Data section
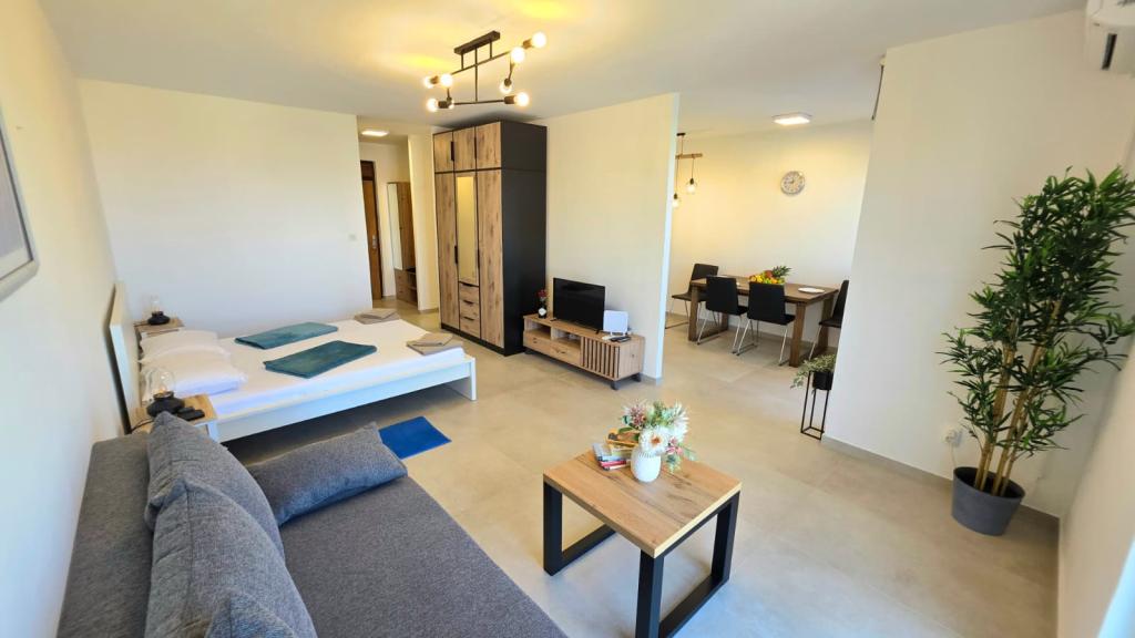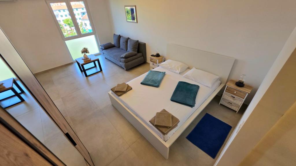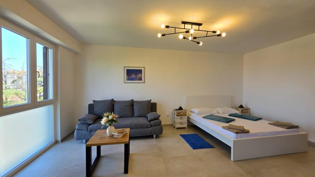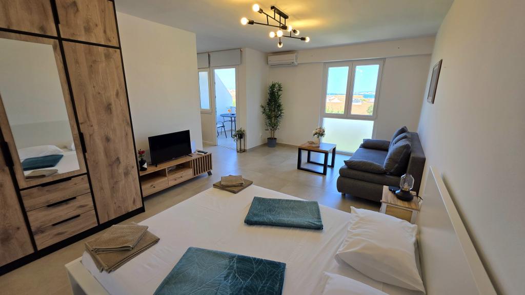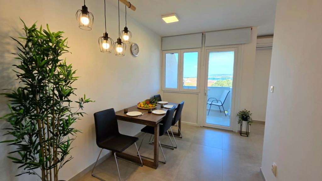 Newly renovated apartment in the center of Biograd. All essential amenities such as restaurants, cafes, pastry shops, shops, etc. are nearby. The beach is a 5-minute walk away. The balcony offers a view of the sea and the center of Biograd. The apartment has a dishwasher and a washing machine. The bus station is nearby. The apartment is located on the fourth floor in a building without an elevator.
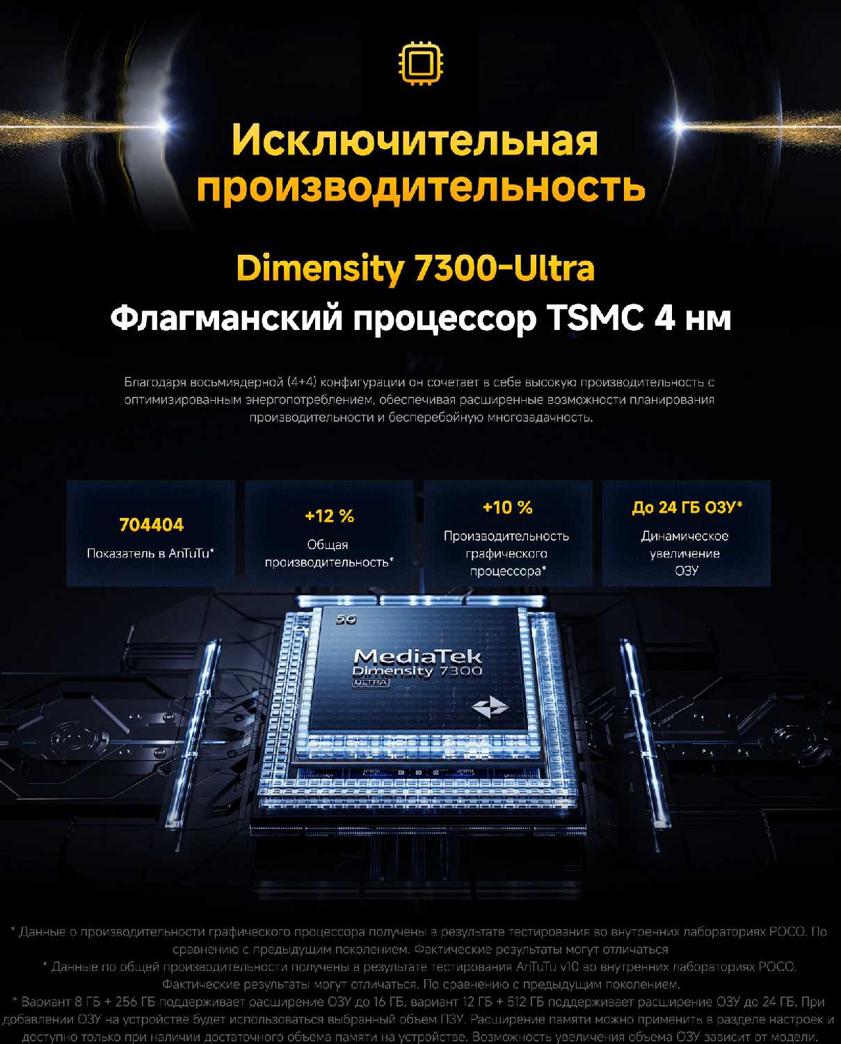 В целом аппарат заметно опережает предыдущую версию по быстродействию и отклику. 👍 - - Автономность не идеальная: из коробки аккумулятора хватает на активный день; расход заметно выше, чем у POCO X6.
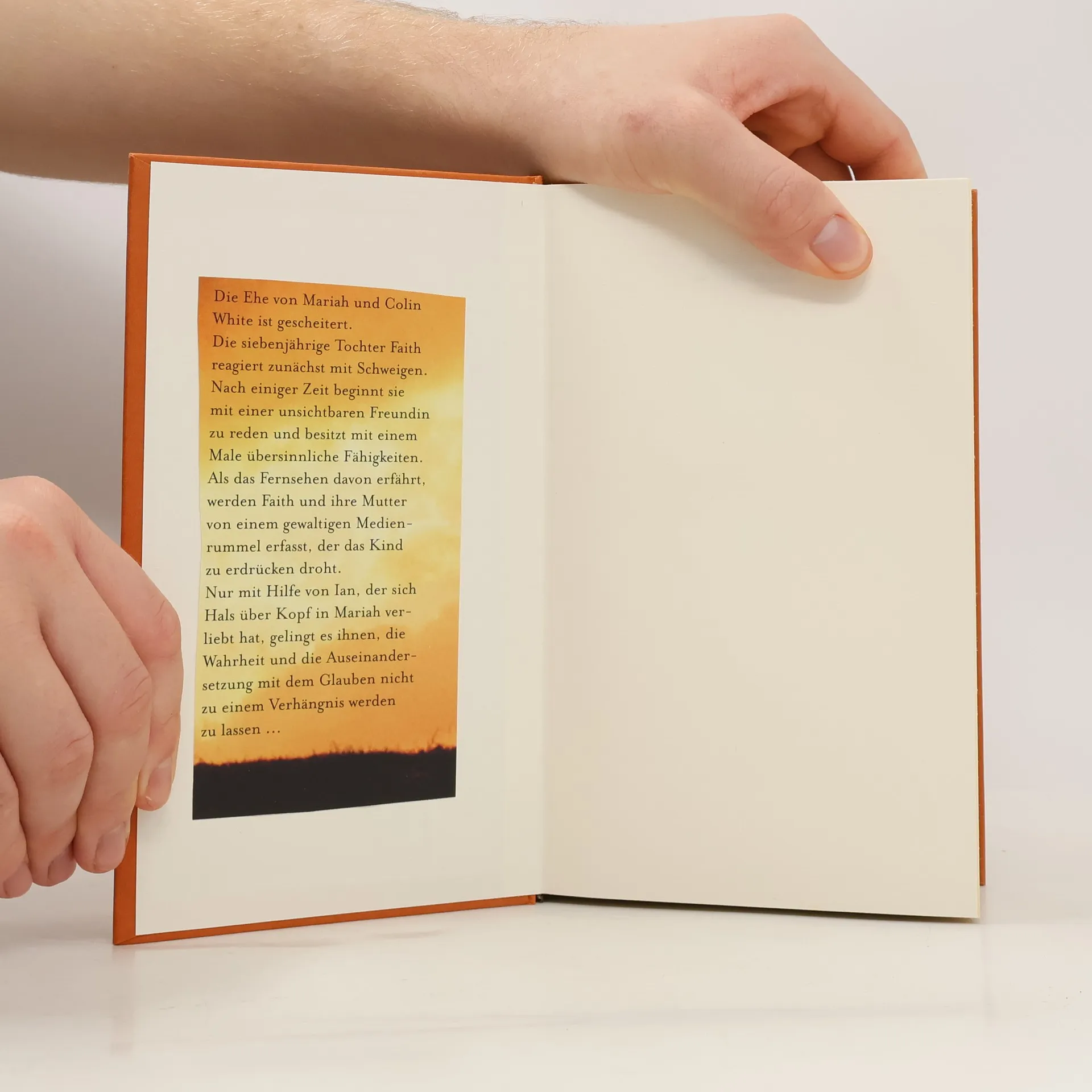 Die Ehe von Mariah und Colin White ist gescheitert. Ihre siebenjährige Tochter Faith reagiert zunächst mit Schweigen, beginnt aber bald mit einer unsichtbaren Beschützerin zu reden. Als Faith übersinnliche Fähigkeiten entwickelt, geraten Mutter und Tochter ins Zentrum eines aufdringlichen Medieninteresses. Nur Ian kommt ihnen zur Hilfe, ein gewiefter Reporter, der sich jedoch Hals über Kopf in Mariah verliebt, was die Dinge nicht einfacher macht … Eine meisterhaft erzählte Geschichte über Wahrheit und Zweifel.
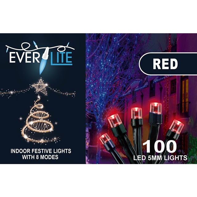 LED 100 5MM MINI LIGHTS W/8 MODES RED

Aim of the task
Apart from the images, reproduce the listing exactly as it appears.

Output for this exercise
 Newly renovated apartment in the center of Biograd. All essential amenities such as restaurants, cafes, pastry shops, shops, etc. are nearby. The beach is a 5-minute walk away. The balcony offers a view of the sea and the center of Biograd. The apartment has a dishwasher and a washing machine. The bus station is nearby. The apartment is located on the fourth floor in a building without an elevator.
 В целом аппарат заметно опережает предыдущую версию по быстродействию и отклику. 👍 - - Автономность не идеальная: из коробки аккумулятора хватает на активный день; расход заметно выше, чем у POCO X6.
 Die Ehe von Mariah und Colin White ist gescheitert. Ihre siebenjährige Tochter Faith reagiert zunächst mit Schweigen, beginnt aber bald mit einer unsichtbaren Beschützerin zu reden. Als Faith übersinnliche Fähigkeiten entwickelt, geraten Mutter und Tochter ins Zentrum eines aufdringlichen Medieninteresses. Nur Ian kommt ihnen zur Hilfe, ein gewiefter Reporter, der sich jedoch Hals über Kopf in Mariah verliebt, was die Dinge nicht einfacher macht … Eine meisterhaft erzählte Geschichte über Wahrheit und Zweifel.
 LED 100 5MM MINI LIGHTS W/8 MODES RED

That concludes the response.